Table of contents

What are the best MCP server tools for JSON extraction?

Model Context Protocol (MCP) servers provide powerful tools for extracting JSON data from web pages, APIs, and dynamic content. This guide explores the most effective MCP server tools and techniques for JSON extraction in web scraping workflows.

Understanding MCP Tools for JSON Extraction

MCP servers expose various tools that can be leveraged for JSON extraction. These tools range from browser automation capabilities to specialized data extraction functions. The key to successful JSON extraction lies in selecting the right tool for your specific use case.

Primary MCP Server Tools for JSON Data

1. Browser Automation Tools (Playwright/Puppeteer MCP)

The Playwright and Puppeteer MCP servers offer the most comprehensive JSON extraction capabilities through browser automation.
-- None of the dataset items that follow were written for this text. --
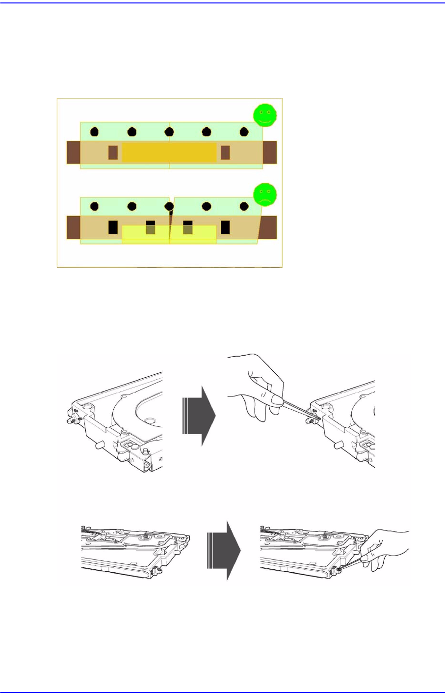 3-13 维修与维护 确认喂料器底座基准面是否粘有 部件或污质。 如果粘有部件或污质, 请除去 粘有部 件或污质。 图 3.4 确认喂料器底座基准面污质 (8mm~88mm) 3.3.4. 测定误差发生时 磁带堵塞时 确认 Sprockets 齿轮上是否缠着传送 带。 → 清除堵塞部分, 参照 “2.1.4 锁夹固定 ” 重新操作磁带安 装。
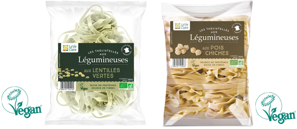 À base de lentilles vertes ou de pois chiches bio, les tagliatelles fraîches La Vie Claire sont fabriquées dans le Vaucluse. Sources de protéines et de fibres, elles sont disponibles au rayon frais et proposent une alternative protéinée 100% vegan aux pâtes classiques. Une façon innovante et originale de consommer des légumineuses !
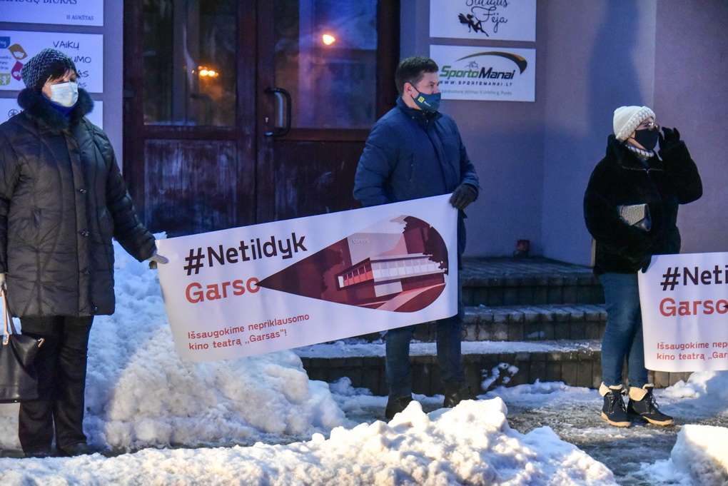 Prieš penkias dešimtis metų statytą kino teatro „Garsas“ pastatą nuo rekonstrukcijos į menų centrą saugantys gynėjai ir pandemijos akivaizdoje rinkosi į piketą, atmetę jiems pasiūlytą alternatyvą – dalyvauti nuotolinėje diskusijoje.
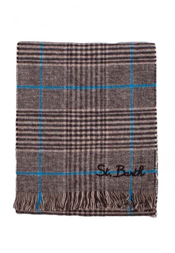 Szal autorstwa cenionej marki Mc2 Saint Barth. Model z wyszytym logo oraz w całości ozdobiony stylową kratą. Niezwykle miły w dotyku oraz ciepły, dzięki wyjątkowej mieszance bawełny wraz z wełną. Szal uzupełni Twój strój w chłodniejsze dni.

These tools can:

  • Execute JavaScript to access JSON data in dynamic applications
  • Intercept network requests to capture API responses
  • Evaluate scripts to extract embedded JSON from pages

2. WebScraping.AI MCP Integration

The WebScraping.AI MCP server provides AI-powered extraction capabilities specifically designed for structured data:

  • Field extraction with natural language instructions
  • Question-based data retrieval
  • Automatic JSON parsing and validation

3. HTTP Client MCP Tools

Standard HTTP client tools in MCP servers enable direct API interaction:

  • Direct JSON API consumption
  • Response parsing and transformation
  • Header and authentication management

Extracting JSON with Playwright MCP

The Playwright MCP server provides the most robust solution for extracting JSON from modern web applications. Here's how to use it effectively:

Capturing Network JSON Responses

// Using Playwright MCP to intercept JSON API calls
const { browser_network_requests } = mcpPlaywright;

// Navigate to the page
await browser_navigate({ url: 'https://example.com/data-page' });

// Wait for content to load
await browser_wait_for({ time: 3 });

// Get all network requests
const requests = await browser_network_requests({});

// Filter for JSON API responses
const jsonRequests = requests.filter(req =>
  req.url.includes('/api/') &&
  req.response?.headers['content-type']?.includes('application/json')
);

// Parse JSON from responses
jsonRequests.forEach(req => {
  const jsonData = JSON.parse(req.response.body);
  console.log('Extracted JSON:', jsonData);
});

Extracting Embedded JSON Data

Many websites embed JSON data directly in <script> tags for client-side rendering. The Playwright MCP server excels at extracting this data:

// Extract JSON from script tags
const jsonData = await browser_evaluate({
  element: 'script tag containing JSON data',
  function: `() => {
    const scriptTags = document.querySelectorAll('script[type="application/json"]');
    const dataArray = [];

    scriptTags.forEach(script => {
      try {
        const jsonContent = JSON.parse(script.textContent);
        dataArray.push(jsonContent);
      } catch (e) {
        console.error('Failed to parse JSON:', e);
      }
    });

    return dataArray;
  }`
});

Extracting JSON from Single Page Applications

When working with single page applications, you often need to wait for AJAX requests to complete before extracting JSON:

// Navigate and wait for specific data to load
await browser_navigate({ url: 'https://spa-example.com' });

// Wait for the API call to complete
await browser_wait_for({
  text: 'Data loaded' // Wait for UI indicator
});

// Extract the data from window object
const appData = await browser_evaluate({
  element: 'page data object',
  function: `() => {
    // Many SPAs store data in window object
    return window.__INITIAL_STATE__ ||
           window.__PRELOADED_STATE__ ||
           window.APP_DATA;
  }`
});

console.log('SPA JSON Data:', JSON.stringify(appData, null, 2));

Using WebScraping.AI MCP for JSON Extraction

The WebScraping.AI MCP server provides specialized tools for AI-powered JSON extraction:

Field-Based JSON Extraction

# Using WebScraping.AI MCP for structured JSON extraction
from mcp import webscraping_ai

# Define the fields you want to extract
fields = {
    "title": "The main title of the product",
    "price": "The product price in USD",
    "availability": "Whether the product is in stock",
    "rating": "The average customer rating",
    "reviews_count": "Total number of reviews"
}

# Extract structured JSON data
result = await webscraping_ai.webscraping_ai_fields(
    url="https://example.com/product/12345",
    fields=fields,
    js=True  # Enable JavaScript rendering
)

# The response is already in JSON format
product_data = result['data']
print(json.dumps(product_data, indent=2))

Question-Based JSON Extraction

# Extract specific data using natural language questions
response = await webscraping_ai.webscraping_ai_question(
    url="https://example.com/pricing",
    question="What are all the pricing tiers and their features? Return as JSON."
)

# The AI will structure the response as JSON
pricing_json = json.loads(response['answer'])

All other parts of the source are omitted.